Add Phase 3 GRU ROS projection model#7
Conversation
There was a problem hiding this comment.
Code Review
This pull request introduces Phase 3 of the Rest-of-Season (ROS) projection system, implementing a sequential GRU-based model that builds upon the existing Phase 2 architecture. Key additions include the src/models/ros module for sequence-based forecasting, new weekly feature extraction logic, and updates to the benchmarking and projection scripts to integrate the Phase 3 baseline. The Phase 2 model was also refactored to allow its encoder and decoder components to be reused by the sequential model. Review feedback highlights opportunities to optimize the sequential dataset's performance by avoiding expensive Pandas indexing during training and ensuring that configuration updates for data splits do not inadvertently overwrite existing settings.
| ) | ||
| phase3_config = dict(phase3_config) | ||
| phase3_config.setdefault("splits", {}) | ||
| phase3_config["splits"] = {"train_end_season": int(eval_year - 1)} |
There was a problem hiding this comment.
The assignment phase3_config["splits"] = {"train_end_season": ...} overwrites the entire splits dictionary. If the configuration file contains other keys under splits (such as val_season or test_season), they will be lost, which may lead to unexpected behavior in train_ros_sequence or SplitConfig.build.

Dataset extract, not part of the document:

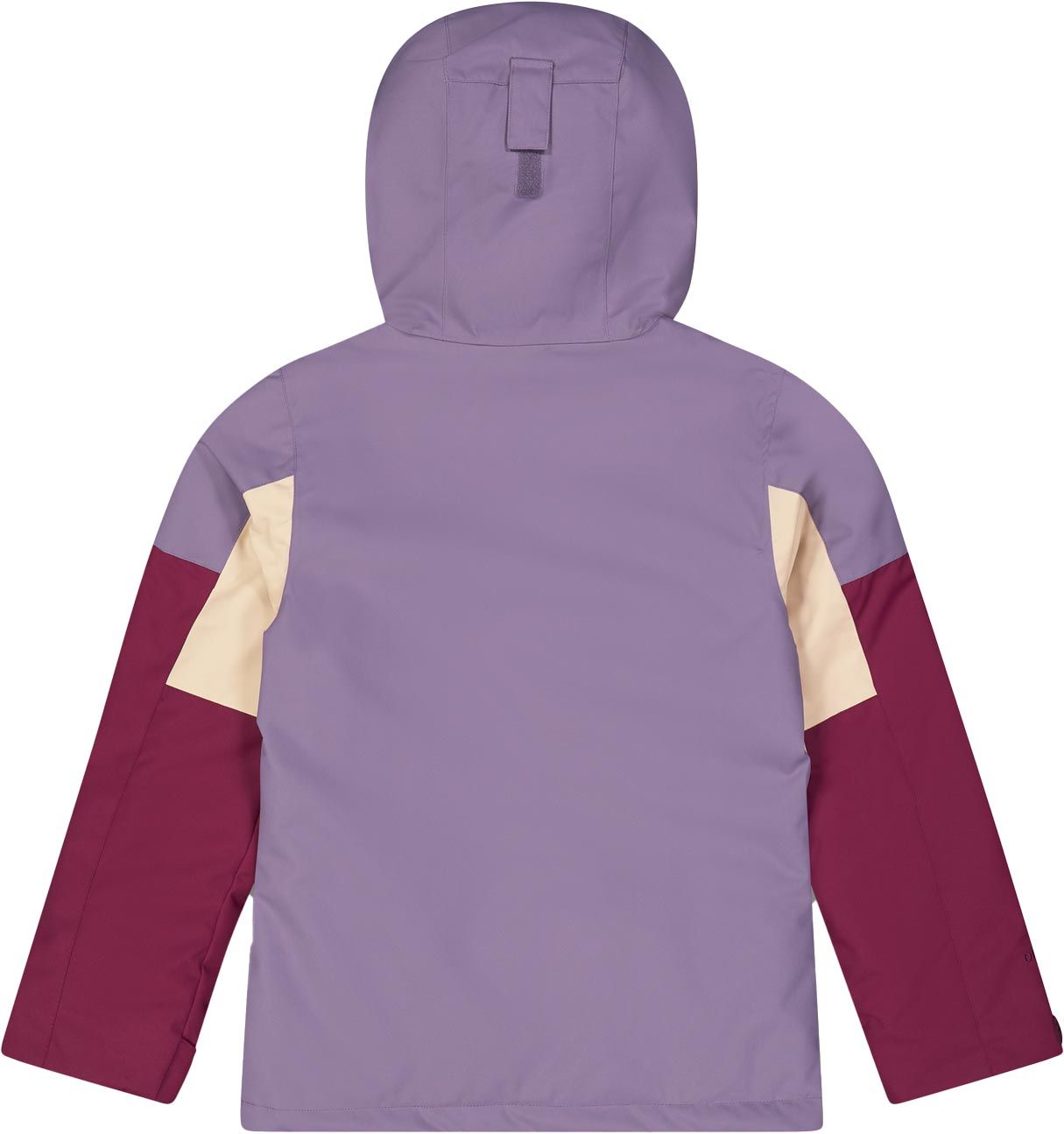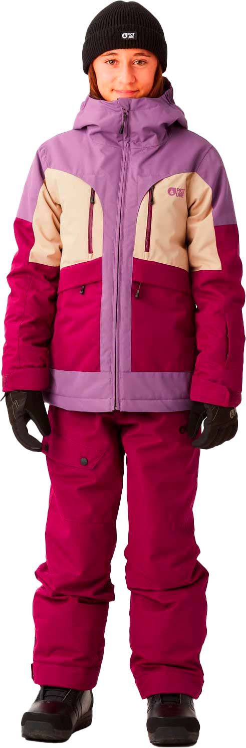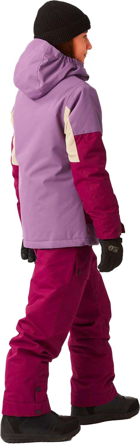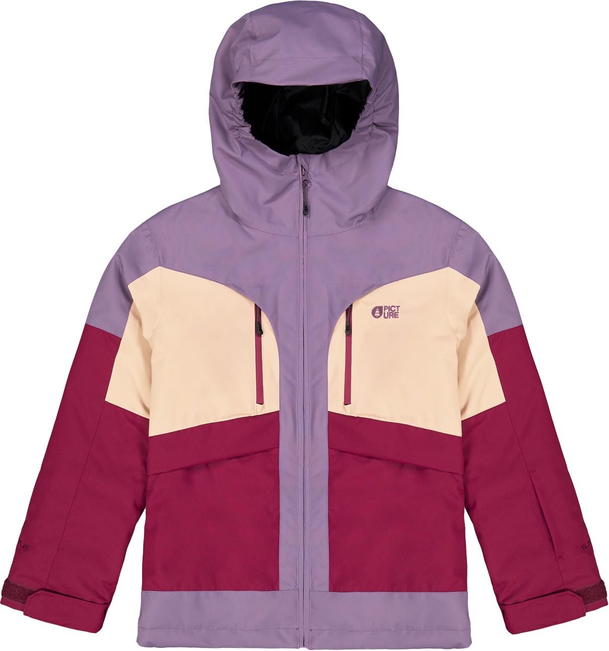 Veste de ski Miniakoon Grape Jam Picture Organic Clothing 2 couches, membrane Dryplay 20K/20K, isolation polyester, coutures collées, zips étanches, capuche et jupe pare-neige ajustables, coupe droite dos long.

It is safer to update the existing dictionary.
| phase3_config["splits"] = {"train_end_season": int(eval_year - 1)} | |
| phase3_config["splits"] = {**phase3_config.get("splits", {}), "train_end_season": int(eval_year - 1)} |
| phase3_config.setdefault("training", {})["epochs"] = int(args.epochs) | ||
| if args.device is not None: | ||
| phase3_config.setdefault("training", {})["device"] = args.device | ||
| phase3_config["splits"] = {"train_end_season": int(args.year - 1)} |
There was a problem hiding this comment.
Similar to the benchmark script, this assignment overwrites the splits configuration dictionary. Any pre-existing keys in splits from the YAML config will be removed. It is recommended to update the dictionary instead of replacing it.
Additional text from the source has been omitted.